Singularidades de
uma rapariga loura
«Começou por me dizer que o seu caso era simples, e que se chamava
Macário... Devo contar que conheci este homem numa estalagem do Minho. Era alto
e grosso: tinha uma calva larga, luzidia e lisa, com repas brancas que se lhe
eriçavam em redor: e os seus olhos pretos, com a pele em roda engelhada e
amarelada, e olheiras papudas, tinham uma singular clareza e rectidão, por trás
dos seus óculos redondos com aros de tartaruga. Tinha a barba rapada, o queixo
saliente e resoluto. Trazia uma gravata de cetim negro apertada por trás com
uma fivela; um casaco comprido cor de pinhão, com as mangas estreitas e justas
e canhões de veludilho. E pela longa abertura do seu colete de seda, onde
reluzia um grilhão antigo, saíam as pregas moles de uma camisa bordada. Era
isto em Setembro; já as noites vinham mais cedo com uma friagem fina e seca e
uma escuridão aparatosa. Eu tinha descido da diligência, fatigado, esfomeado,
tiritando num cobrejão de listras escarlates.

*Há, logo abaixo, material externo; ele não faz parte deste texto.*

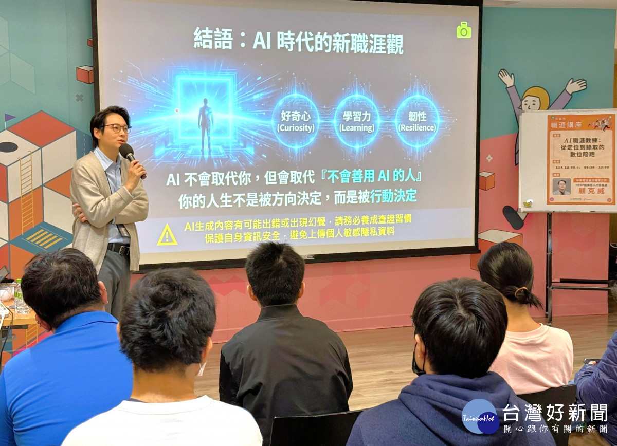 職涯講座以「AI職涯教練:從定位到錄取的數位陪跑」為題,邀請中華電信人力資源管理師顧克威主講,聚焦青年最關注的求職力養成。強調在AI時代企業對新人的評估不再僅限於學歷,而更重視能以具體事證展現的能力表現;同時熟悉AI工具已成為近年企業高度關注的關鍵技能。

Vinha de atravessar a serra
e os seus aspectos pardos e desertos. Eram oito horas da noite. Os céus estavam
pesados e sujos. E, ou fosse um certo adormecimento cerebral produzido pelo
rolar monótono da diligência, ou fosse a debilidade nervosa da fadiga, ou a
influência da paisagem escarpada e chata, sobre côncavo silêncio nocturno, ou a
opressão da eletricidade que enchia as alturas, o facto é que eu, que sou
naturalmente positivo e realista, tinha vindo tiranizado pela imaginação e
pelas quimeras. Existe no fundo de cada um de nós, é certo, tão friamente
educados que sejamos, um resto de misticismo; e basta às vezes uma paisagem
soturna, o velho muro de um cemitério, um ermo ascético, as emolientes
brancuras de um luar, para que esse fundo místico suba, se alargue como um
nevoeiro, encha a alma, a sensação e a ideia, e fique assim o mais matemático,
ou o mais crítico, tão triste, tão visionário, tão idealista, como um velho
monge poeta. A mim, o que me lançara na quimera e no sonho fora o aspecto do Mosteiro
de Restelo, que eu tinha visto, na claridade suave e outonal da tarde, na sua
doce colina. Então, enquanto anoitecia, a diligência rolava continuamente ao
trote esgalgado dos seus magros cavalos brancos, e o cocheiro, com o capuz do
gabão enterrado na cabeça, ruminava no seu cachimbo, eu pus-me elegiacamente,
ridiculamente, a considerar a esterilidade da vida: e desejava ser um monge,
estar num convento, tranquilo, entre arvoredos, ou na murmurosa concavidade de
um vale, e enquanto a água da cerca canta sonoramente nas bacias de pedra, ler
a Imitação, e, ouvindo os
rouxinóis nos loureirais, ter saudades do Céu. Não se pode ser mais estúpido.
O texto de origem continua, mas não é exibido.